Defiant in the Desert
Page 27
She waited until she’d spoken to the airfield, and then calmed an excited Fiona’s nerves, telling her that of course she could cope with running Tariq’s office.
And it was only then that Isobel slipped along to the thankfully empty sanctuary of the bathroom, where she was violently sick.
CHAPTER ELEVEN
IT WAS CONFIRMED.
The blue line couldn’t be denied any longer—and neither could the test Isobel had done the day before, or the day before that. Because all the tests in the world would only verify what she had known all along. And all the wishing in the world wouldn’t change that fact.
She was pregnant with Prince Tariq al Hakam’s baby. The man who had told her in no uncertain terms that he had no desire to have a baby was going to be a father.
Feeling caged and restless, she stared out of the window at the red bus which was lumbering down the road below. It was stuffy and hot in her tiny flat, but she felt too tired to face walking to the nearest park. She’d been feeling tired a lot recently...
Little beads of sweat ran in rivulets down her back, despite the thin cotton dress and the windows she’d opened onto the airless day. Somehow summer had arrived without her really noticing—but maybe that wasn’t so surprising. In the two weeks since Tariq had flown out to Khayarzah she certainly hadn’t been focussing on the weather.
Her thoughts had been full of the man whose seed was growing inside her—and she had a strange feeling of emptiness at being away from work. For once she couldn’t even face going down to the cottage, where the memories of Tariq would have been just too vivid.

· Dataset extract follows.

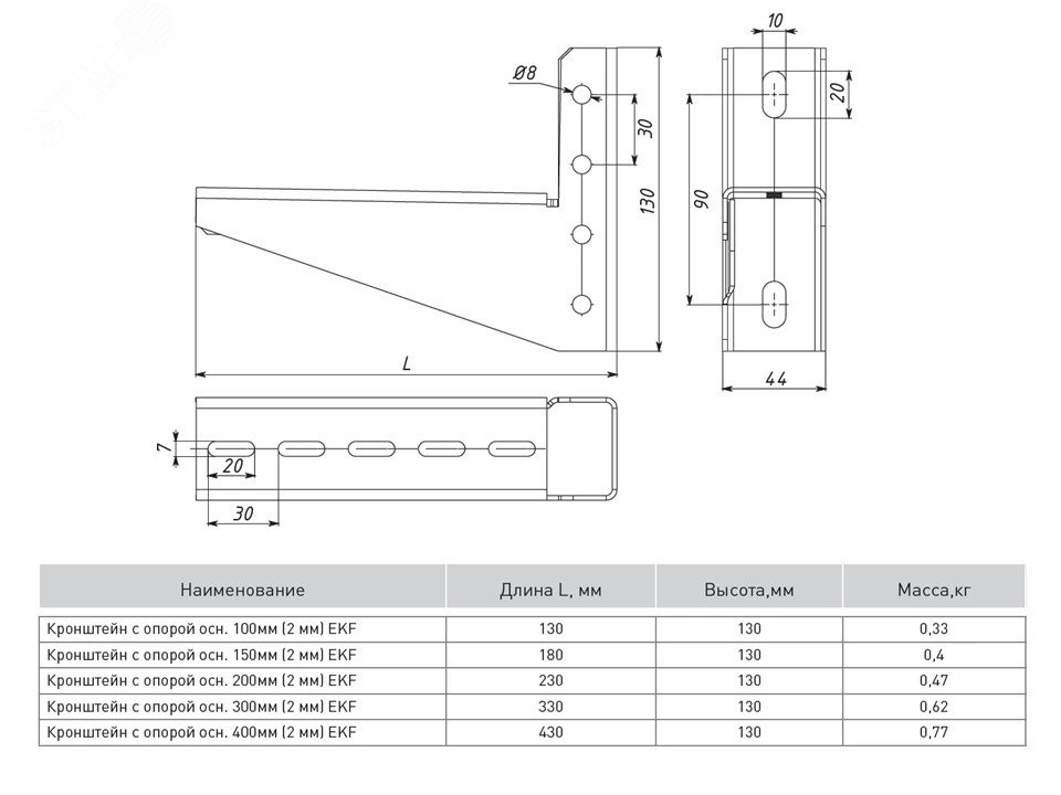 Кронштейн с опорой основание 300мм (2мм) HDZ

She’d always thought there was something slightly pathetic about people who haunted the office while they were supposed to be on holiday, and so she hadn’t rung in to work either. Fiona would contact her soon enough if she needed her help, and so far she hadn’t.
Which made Isobel feel even emptier than she already did. As if she had made herself out to be this fabulous, indispensable addition to the Al Hakam empire when the reality was that she could quite easily be replaced.
And she had heard nothing from Tariq. Not even an e-mail or text to tell her he was alive and well in Khayarzah. If anything proved that it was all over between them, it was the terrifying silence which had mushroomed since his departure.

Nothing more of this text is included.